Yakın zamanda Youtube’a eski haber bültenlerini yüklemişler. TRT 1 vardı o zamanlar. Her akşam bülteninde dünyanın her yerinde savaşlar var. Afrika’da, Asya’da, Latin Amerika ülkelerinde bitmek bilmeyen iç savaşlar. İnsanların kanı çağlayan gibi akıyor. Bunun da normal olduğu günlerden geçtik.
Guantanamo üssünde üzerine su dökülenler. Uçaklarda gezdirilenler, askıya alınanlar…
Geçtiğimiz gün de Sednaya hapishanesinde aklını kaçırmış bir adam gördük. Gülüyor, aynı anda ağlıyor, sonra tekrar gülmeye başlıyor. Bu psikolojiyi biliyorum, tanıyorum çünkü.

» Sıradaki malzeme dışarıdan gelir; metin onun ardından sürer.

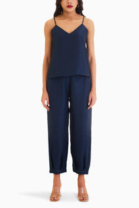 A captivating blend of luxury and allure. Crafted from luxurious silk in a deep midnight blue hue, this spaghetti top and pants. The flowing silhouette and tailored design offer a flattering fit that is both chic and comfortable. This set will elevate your style with effortless grace and confidence.
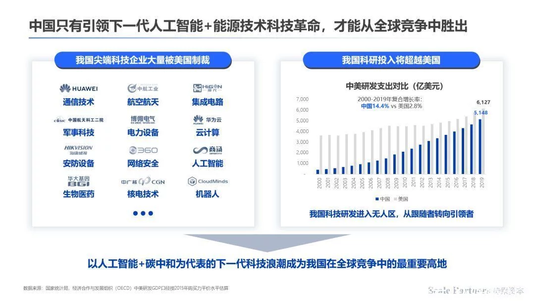 因此中国如果仅在现有技术框架中与欧美竞争,只会不断被卡脖子,事倍功半。只有引领下一代人工智能和碳中和能源技术科技革命浪潮,才能从全球竞争中胜出。
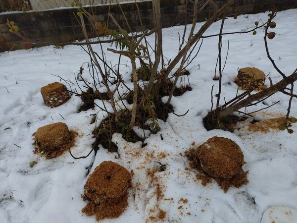 昨日の日曜日、EMコンポストを実家の畑のイチジクの周りに。雪が地面を覆っているため地中に埋めるのは断念し木の周りに散布。
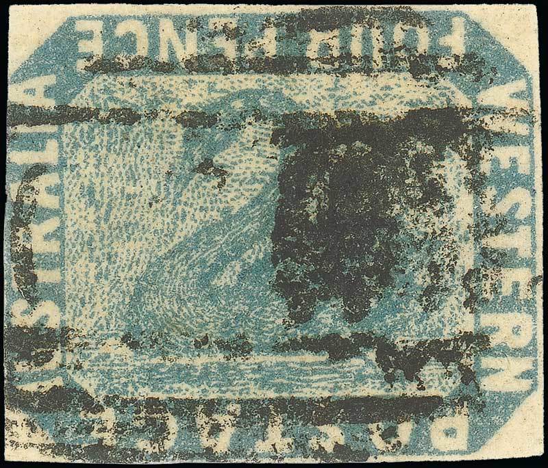 [-] blue showing variety FRAME INVERTED, clear to good margins on three sides, touched along left, rather heavily cancelled by black void obliterator though the variety clearly visible. R.P.S. Certificate (1932). S.G. 3h, £90,000. Photo
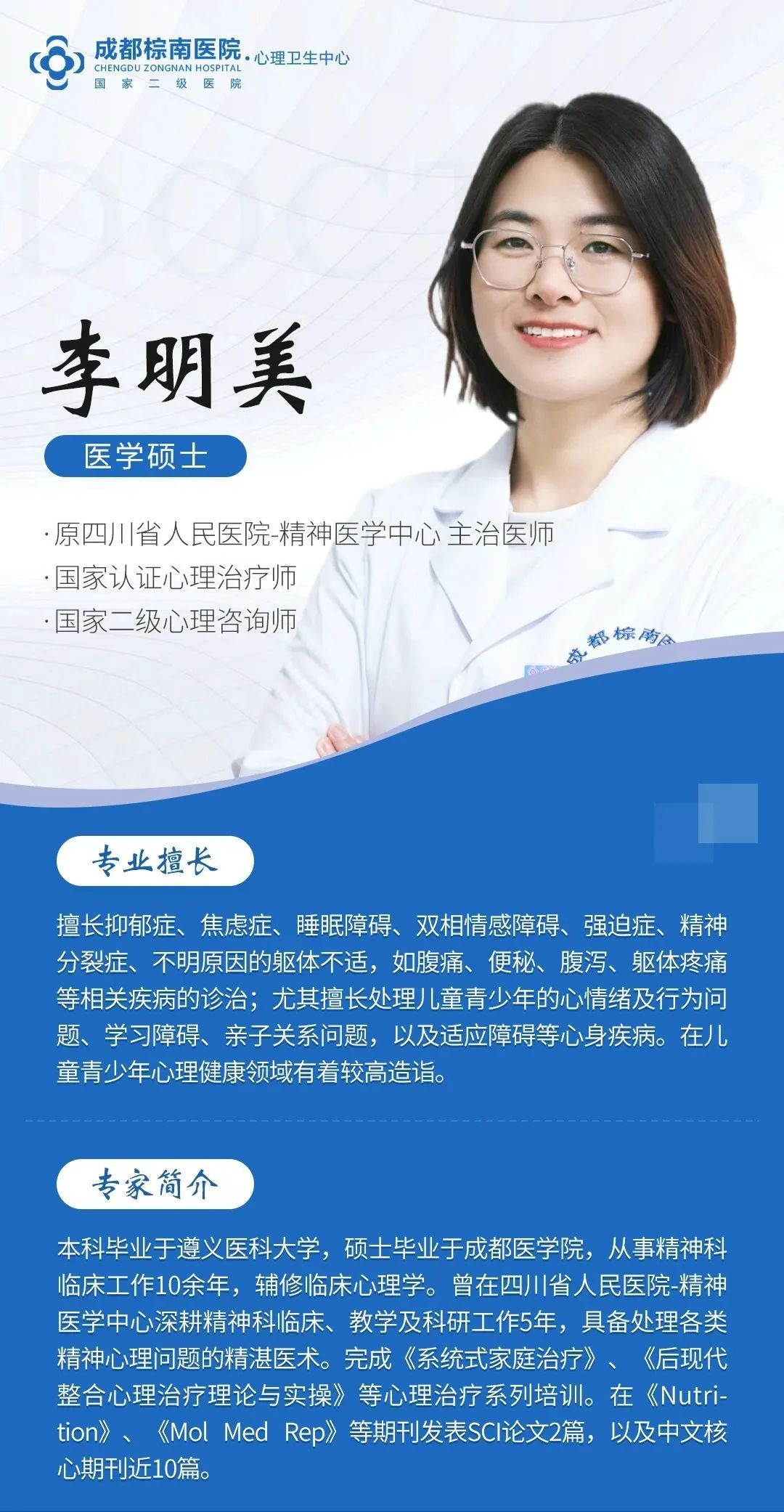 为进一步强化团队精神心理诊疗实力,邀请前四川省人民医院精神医学中心专家李明美加入魏姐姐精神心理团队,强强联合,医术共融,让患者在家门口享受到优质、科学、便捷的医疗服务。

Gençliğimde bir adam vardı. Önce dilenci sanıyorduk. Ben ne zaman önünden geçsem laf atardı. Sonra otobüse binmeye başladı. Bazen aynı otobüste karşılaşırdık. Hep aynı hatta gidiyordu. Elinde bir cif spreyi olduğundan adını cifli deli takmıştık. Bir an gülüyordu, birkaç dakika sonra ağlamaya başlıyordu.
Bir gün onu bir çorbacıda gördük. Etrafında gayet aklı başında, giyimleri düzgün insanlar vardı. Önce hayır işleri yapıyorlar sandık. Sonra işin öyle olmadığını, oranın yerlisi bir arkadaşımız anlattı.
Dilenci sandığımız kişi 12 Eylül döneminde, işkencede çıldırmıştı.
Yanındakiler eski arkadaşlarıydı.
Deli, eskiler Mecnun da der…
İnsanlar aslında göründükleri gibi değildir. Neler yapabildiklerini anlamak bile mümkün olmuyor. Aklın sınırlarını aşıyor yaptıkları. Başka bir alanda, başka bir anlam dünyasında, her ne lanet şeyse artık, orada bir araya geliyor olmalı.
Böyle bir dünyada yaşamak bir yük değilse nedir?